BTC welcomed a pullback trend earlier this week, and once fell below $91,000. However, as of this morning (28th), it hit the bottom and rebounded, temporarily rising back above $96,000, with an intraday increase of 3.68%.
Although BTC is still oscillating at a high level, aiming for $100,000, Omkar Godbole, market director of 'CoinDesk', recently put forward bearish ideas successively. In addition to predicting the risk of BTC possibly falling below $90,000, he also suggested that there may be a more widespread wave of hedging in the future.
He pointed out that the recent upward trend of BTC has shown signs of slowing down. Although it is still fluctuating at a high level, investors should not take it lightly. Because BTC is facing multiple challenges, including weakening demand in the US market and potential risks in the global financial market.
The trend of the Australian dollar/Japanese yen suggests a new wave of risk aversion? Is the Central Bank of Japan going to raise interest rates again?
Godbole is following the changes in the Exchange Rate of Australian Dollar/Japanese Yen (AUD/JPY), which is an important indicator of global economic risk appetite.
The market is currently closely following the possible Interest Rate adjustment by the Central Bank of Japan (BOJ) in December. According to ING's analysis report, BOJ Governor Haruhiko Kuroda stated that the decision to further tighten monetary policy will be based on existing information and will be made through "sequential meetings", which has sparked speculation about a rate hike in December.

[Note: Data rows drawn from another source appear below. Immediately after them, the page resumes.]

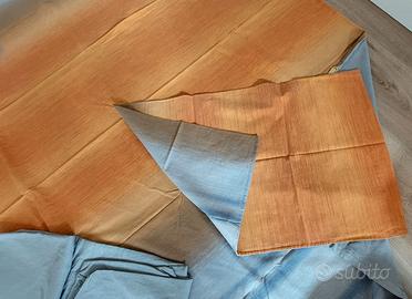 Copripiumino 1 piazza Bassetti 100% cotone nei toni dell'arancio scuro e chiaro e e grigio da un lato e tutto grigio dall'altro. E' compresa 1 federa e 1 lenzuolo con angoli grigio.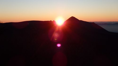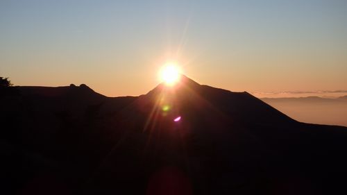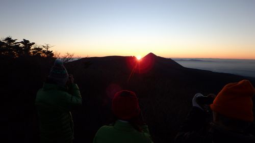 | ▼初日は高千穂峰に隠れています | ▼霧島の高千穂峰山頂部より初日が上がります。 | |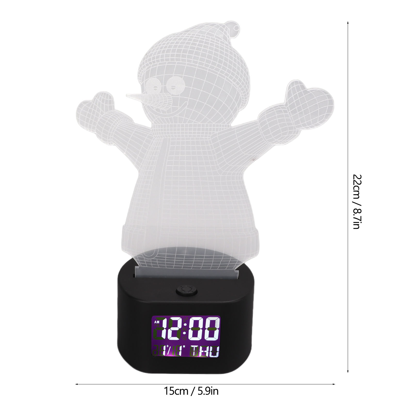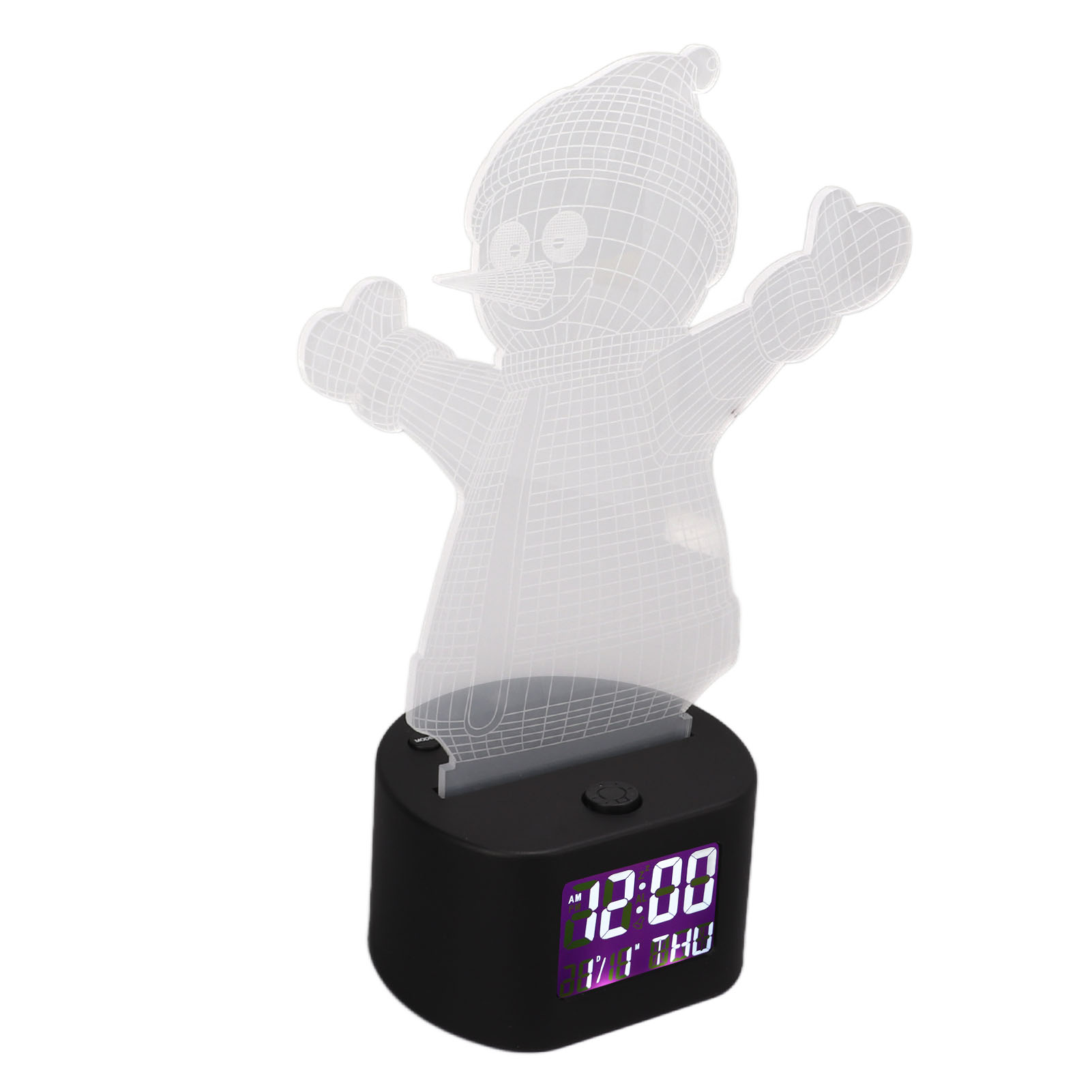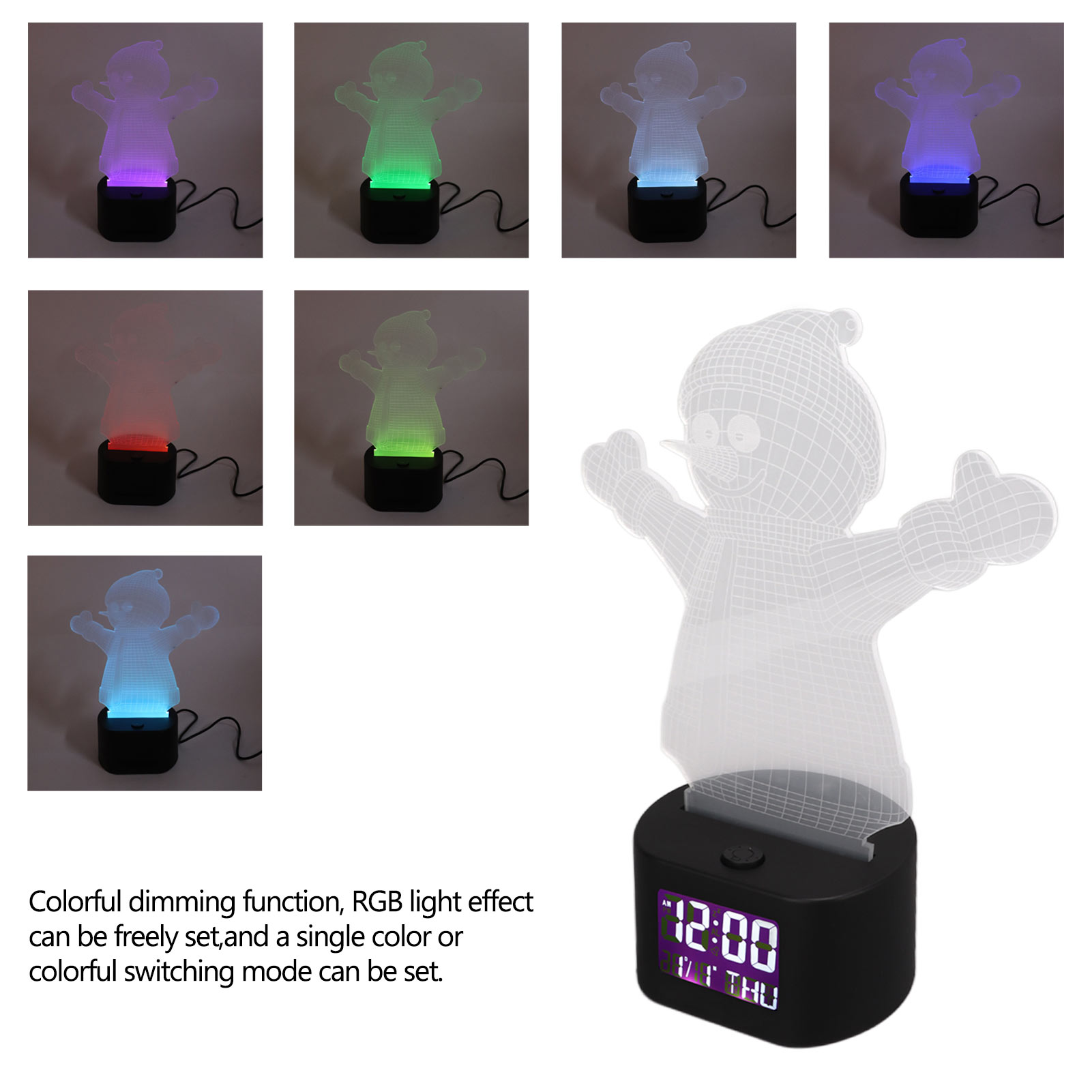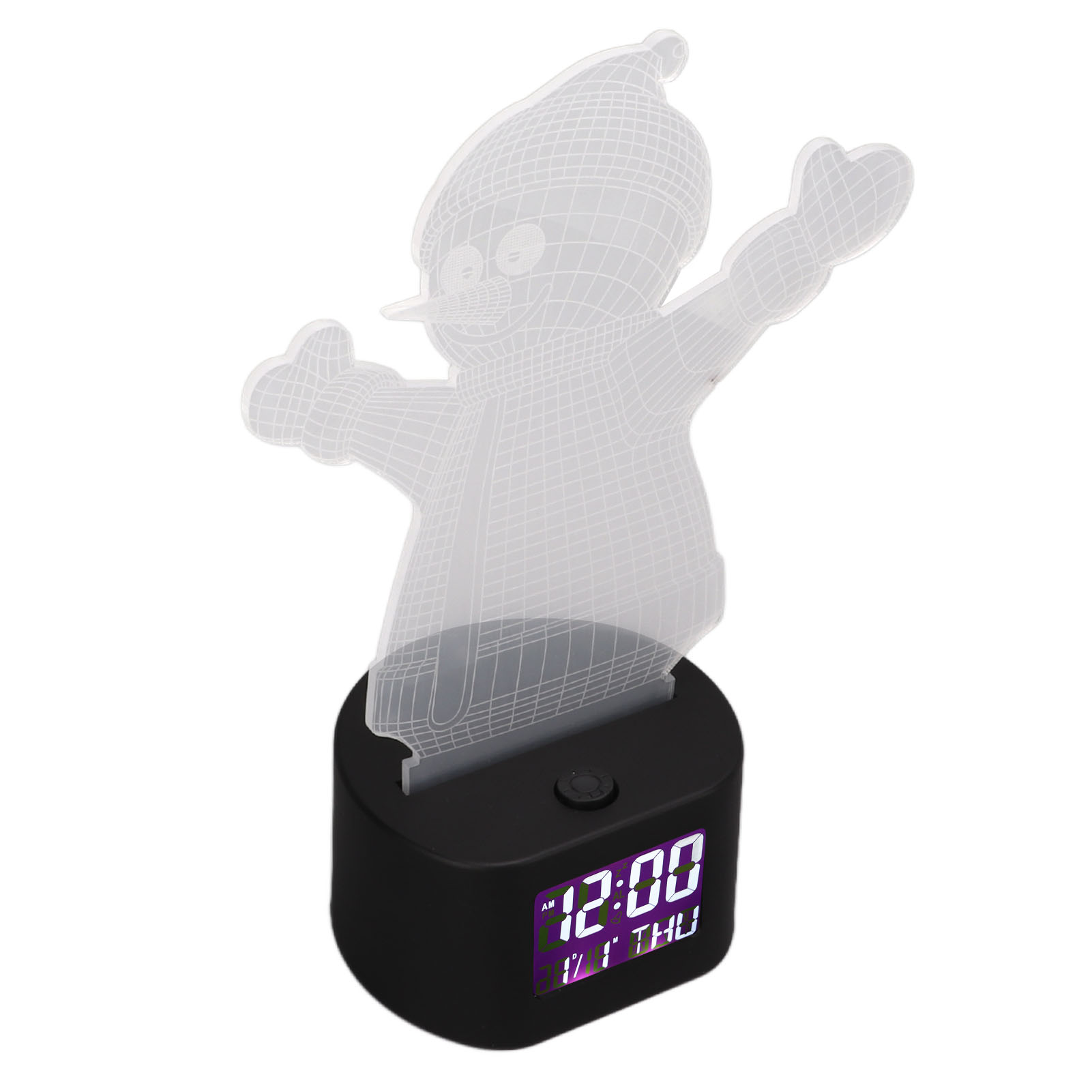 3D Snowman Acrylic Night Light Perpetual Calendar Digital Clock Alarm Clock Colorful Light LED Cartoon Night Light with Base
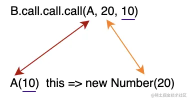 B.call.call.call(A, 20, 10)- 首先我们能够看到有三个

What will happen if Japan raises interest rates? Do you still remember the big dump of the stock market and cryptocurrency in late July to early August this year?

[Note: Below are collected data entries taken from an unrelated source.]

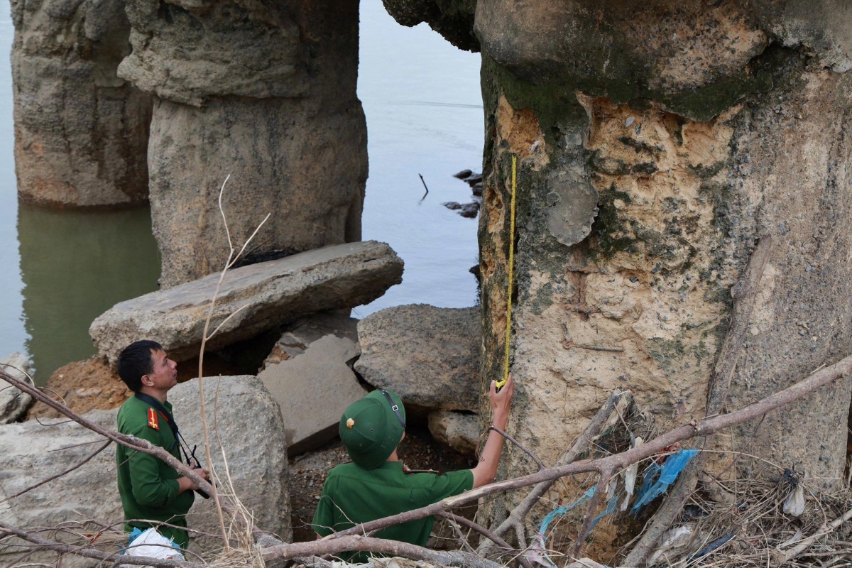 Trung tâm Kỹ thuật đường bộ đã tiến hành kiểm tra tình trạng kỹ thuật của tất cả các móng mố, trụ cầu thông qua đo dao động và kiểm tra chiều sâu xói của trụ T5 sau cơn bão số 11. Để đánh giá chuyển vị động của mố, trụ cầu, đơn vị đã sử dụng xe tải 2 trục có tổng tải trọng của xe và hàng là 13 tấn để đo dao động và chuyển vị của nhiều mố, trụ cầu và phân tích đồ thị dao động. Kết quả cho thấy, tình trạng của mố trụ đảm bảo với tải trọng xe thử này. Ngoài ra, báo cáo cũng nêu tình trạng lòng sông tại trụ T5 đã xói đến lớp đá vôi và không xói sâu thêm từ thời điểm tiến hành khảo sát năm ngoái.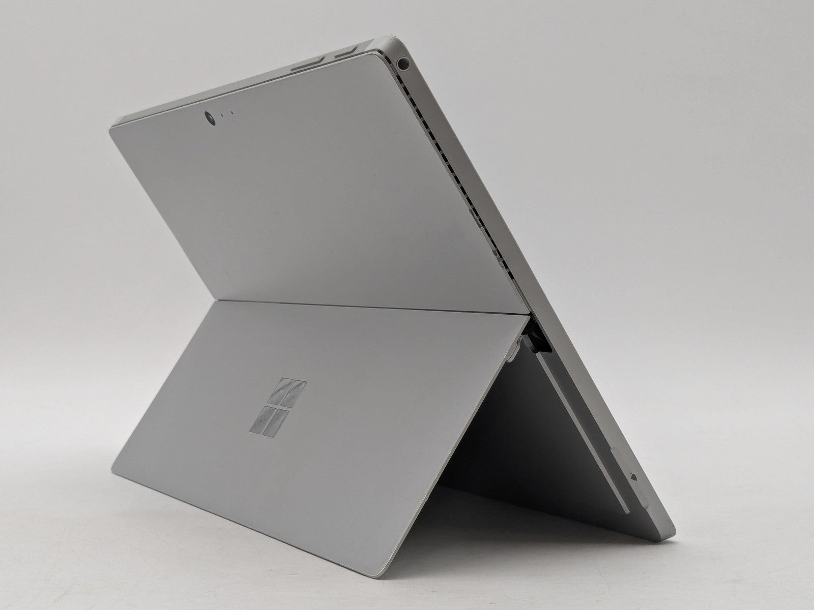 Cosmetic Defects: Display has small scratches and bright spot near bottom-right. Sides have chipped paint and wear. Back cover and kickstand have visibel scratches, chips in paint, and scuffs. Keyboard port has chipped paint.\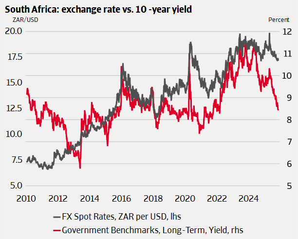 Suite à la formation du GNU, non seulement la confiance des entreprises nationales s'est améliorée, mais aussi le sentiment des marchés financiers. Le rand s'est apprécié, les coûts d'emprunt ont baissé et l'intérêt des non-résidents pour l'achat d'obligations d'État en monnaie locale a augmenté.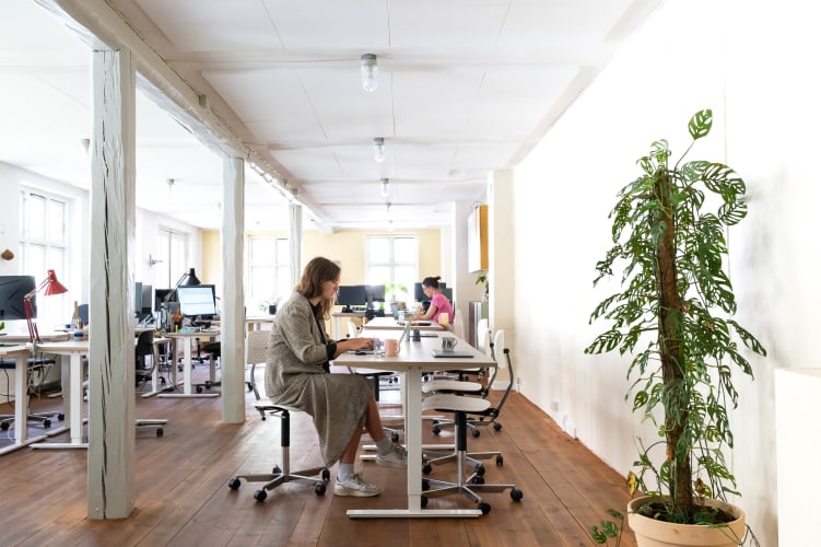 Inkluderet: Adgang til pladserne 24/7 og kaffe/te, internet, print (begrænset), mødelokalebooking, adgang til husets øvrige faciliteter samt én fælles månedlig morgenmad.

At that time, the strong rise of the Japanese Yen led to a significant drop of over 8% in the Australian Dollar/Japanese Yen Exchange Rate, followed by a dramatic Fluctuation in global risk assets. BTC quickly dropped from about $70,000 to $50,000 within a week, a decrease of nearly 30%.

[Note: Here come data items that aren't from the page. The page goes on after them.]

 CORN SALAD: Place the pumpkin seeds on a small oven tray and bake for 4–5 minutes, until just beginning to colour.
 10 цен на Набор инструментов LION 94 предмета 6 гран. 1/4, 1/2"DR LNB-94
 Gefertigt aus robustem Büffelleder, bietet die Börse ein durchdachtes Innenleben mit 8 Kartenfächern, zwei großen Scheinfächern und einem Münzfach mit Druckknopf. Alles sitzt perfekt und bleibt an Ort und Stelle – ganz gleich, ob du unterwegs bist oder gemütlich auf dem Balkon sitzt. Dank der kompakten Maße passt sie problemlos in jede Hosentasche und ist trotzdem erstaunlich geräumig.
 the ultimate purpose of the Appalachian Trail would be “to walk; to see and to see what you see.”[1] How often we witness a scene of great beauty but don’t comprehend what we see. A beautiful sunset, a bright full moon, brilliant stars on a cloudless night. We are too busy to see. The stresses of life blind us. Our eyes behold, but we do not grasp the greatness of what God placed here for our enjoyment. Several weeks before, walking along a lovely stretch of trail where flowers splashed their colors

Fast forward to now, the AUD/JPY Exchange Rate has rebounded from the low point in August, but there has been a pullback in recent days.
Source: TradingView AUD/JPY Exchange Rate Trend
If the yen drives the second wave of risk aversion, BTC may fall below 90,000
Godbole further warned that if the Central Bank of Japan really raises interest rates in December, it may trigger a new wave of market hedging.
Investors not only need to follow the trend of AUD/JPY, but Godbole also mentioned the risks of the probability of the Federal Reserve cutting interest rates and the possibility of a trade war re-emerging due to Trump's election and the imposition of 'inflation tariffs' on Mexico, Canada and the United States.
CME FedWatch data shows that the market currently expects a 70% probability of a 1-point rate cut in the United States in December, with a 30% probability of maintaining the current Intrerest Rate.
Image source: FedWatch CME FedWatch data shows that the current market expects a 70% probability of a 1-point rate cut in the US in December.
Godbole suggests that BTC investors should closely follow the changes in the AUD/JPY Exchange Rate and the policy direction of the Central Bank of Japan. If a situation similar to the end of July this year occurs, BTC may experience a significant pullback again, with the risk of falling below $90,000.
Although BTC has performed strongly recently, Godbole's analysis reminds investors to remain cautious and not be overly optimistic about the market. Market risks have always been present and it is necessary to carefully deal with possible fluctuations.
[Disclaimer] The market is risky and investment should be cautious. This article does not constitute investment advice. Users should consider whether any opinions, perspectives, or conclusions in this article are suitable for their specific situations. Investment based on this is at your own risk.